> [Problem details]
With the pictures omitted, set down exactly the lines from the one that contains "Wir möchten hiermit" through the last line of the data.

> [Supplied data]
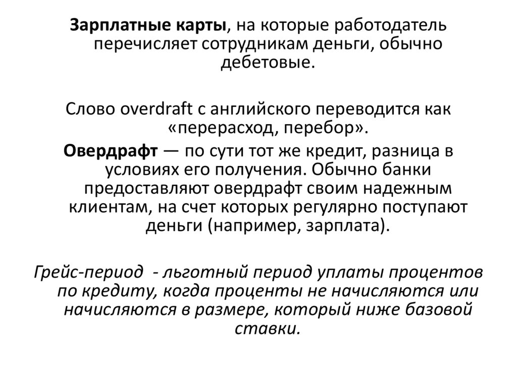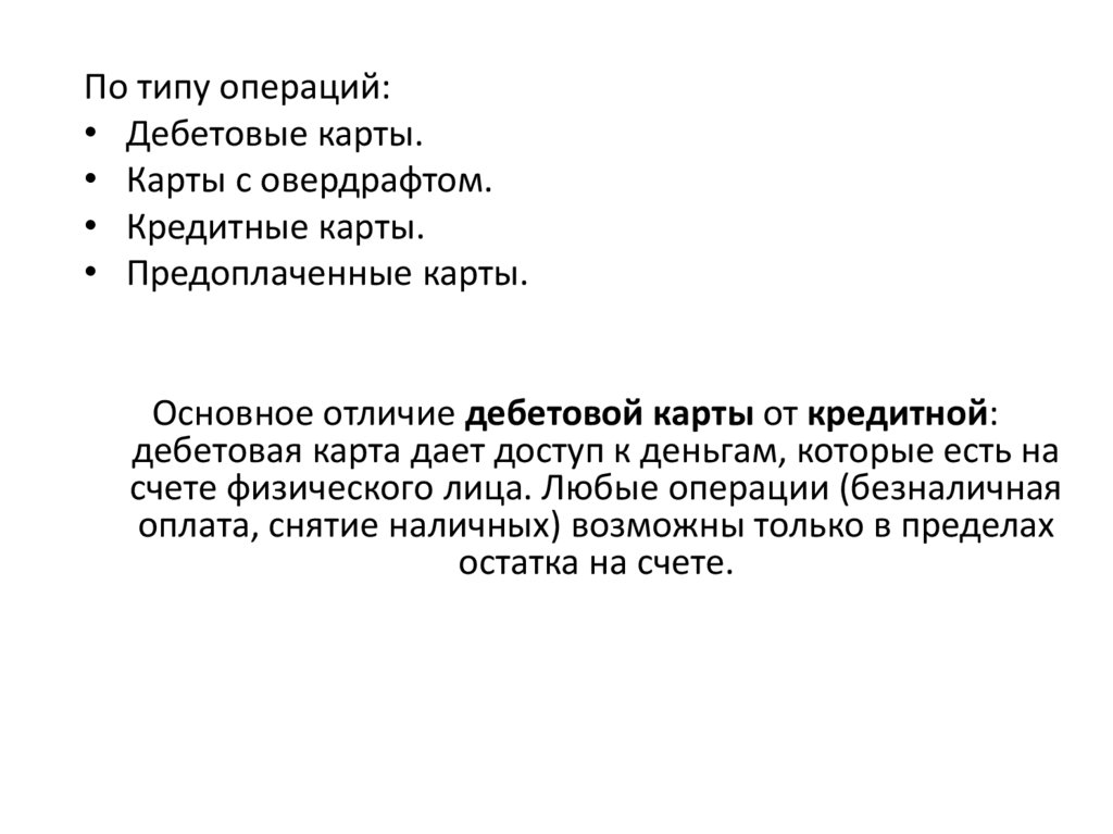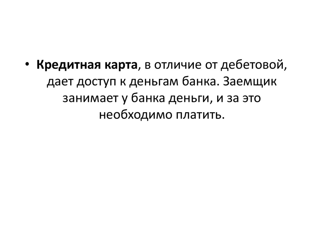 • Кредитная карта, в отличие от дебетовой,дает доступ к деньгам банка. Заемщик
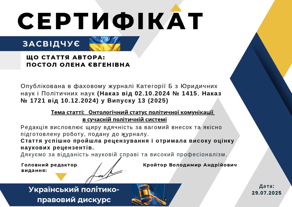 Вітаємо ПОСТОЛ Олену Євгенівну, професора кафедри “Політологія та загальноправові дисципліни” Національного університету “Запорізька політехніка”, доктора політичних наук, доцента з присвоєнням вченого звання професора по кафедрі політології та загальноправових дисциплін. Бажаємо міцного здоров’я, творчої наснаги, професійних та наукових успіхів!
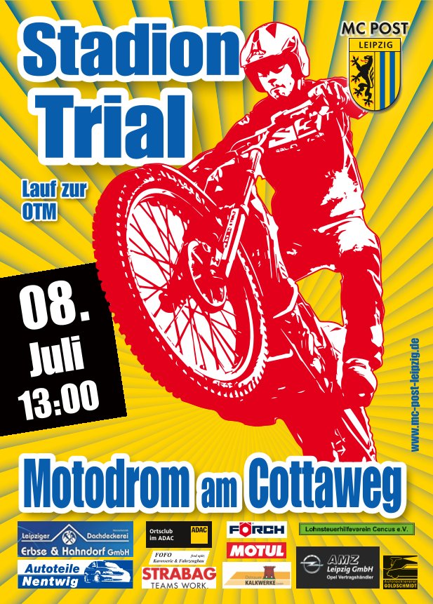 Wir möchten hiermit unsere Motorrad-Trial-Hauptveranstaltung des Jahres 2023 ausschreiben: ADAC Stadion Trial im Motodrom am Cottaweg am Samstag 08.07.2023. Es handelt sich dabei um den 7. Lauf zur Ostdeutschen Trialmeisterschaft und um einen Lauf zur Sächsischen Trialmeisterschaft.
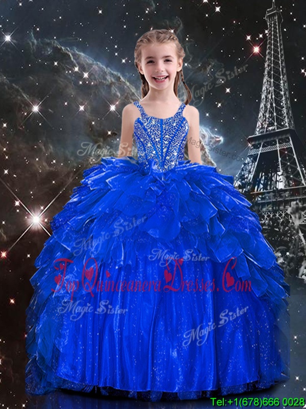 Stylish Organza Sleeveless Floor Length Glitz Pageant Dress and Beading and Ruffles

> [Expected answer]
 Wir möchten hiermit unsere Motorrad-Trial-Hauptveranstaltung des Jahres 2023 ausschreiben: ADAC Stadion Trial im Motodrom am Cottaweg am Samstag 08.07.2023. Es handelt sich dabei um den 7. Lauf zur Ostdeutschen Trialmeisterschaft und um einen Lauf zur Sächsischen Trialmeisterschaft.
 Stylish Organza Sleeveless Floor Length Glitz Pageant Dress and Beading and Ruffles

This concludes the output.